今野が、世界に羽ばたく決断をした。すべては日本代表のために。ジョージワシントン大からNBAメンフィス・グリズリーズ入りした渡辺雄太(24)や、明成(宮城)で全国制覇してゴンザガ大で活躍する八村塁(20)の背中を追うが、女子では極めて異例の挑戦。2年後に迫る東京五輪に向け、すべてを成長につなげるつもりだ。

きっかけは昨年6月に参加した「NIKEオールアジアキャンプ」(中国・東莞)だった。アジア各国から男女約100人が集った中で最優秀選手に選出。米関係者から留学を薦められ、世界一の強豪国への志向が少しずつ高まった。以降は、聖和学園の小野裕ヘッドコーチ(HC、42)の知人を通じ、自身のプレーをまとめた映像を送り続けた。複数の大学からオファーが届き、今秋には現地に視察訪問。一番熱心に誘いを受けたルイビル大の環境面や、昨季全米4強のレベルの高さから、最終選択に至った。小野HCも「女子としては初めてのパターンなので、うまくいくかは本人次第。チャレンジするポジティブな思いは、今後につながる。

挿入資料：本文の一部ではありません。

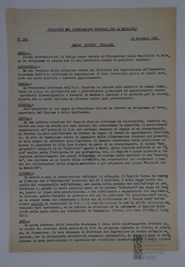 "Relazione del Segretariato Generale per la Moralità. Nr. 380"
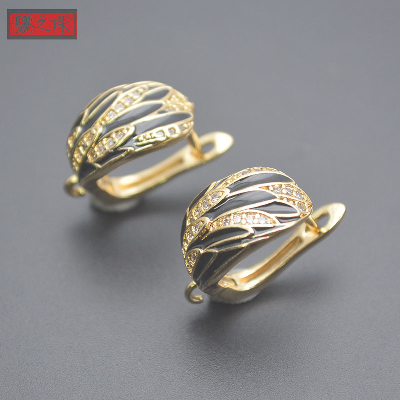 国境を越えたマイクロジルコン銅メッキ保色18K金色白K色黒滴油U字羽耳ボタンイヤリング

すぐに結果を出せば、日本代表にも近づけると思う」と期待する。

同大のワルツヘッド・コーチも「彼女のスタイルは速いペースの試合に適合しており、すぐに仲間に認められることは間違いない」と評価。4月に日本代表合宿に参加した際も、トム・ホーバスHC(51)から「体は強く、プレーも面白い。代表のチャンスがある」と素質を認められた。

来月23日開幕の全国選手権が高校生活最後の大会となる。同校最高4強を超える宮城県勢初優勝が目標。来年9月の入学前に、まずは日本でのNO・1獲得で、米留学への自信も得る。

◆今野紀花(こんの・のりか)2000年(平12)5月1日、東京・杉並区生まれ。仙台・七北田小3年時に、将監ミニバスケットボール少年団で競技開始。七北田中を経て、聖和学園では1年から出場。178センチのオールラウンダーで、キレのあるドライブに加え、相手をかわしながら片手でジャンプシュートも放てる技術も兼ね備える。愛称は勝利の花を咲かす存在になる願いを込めて名付けられた「サク」。右利き。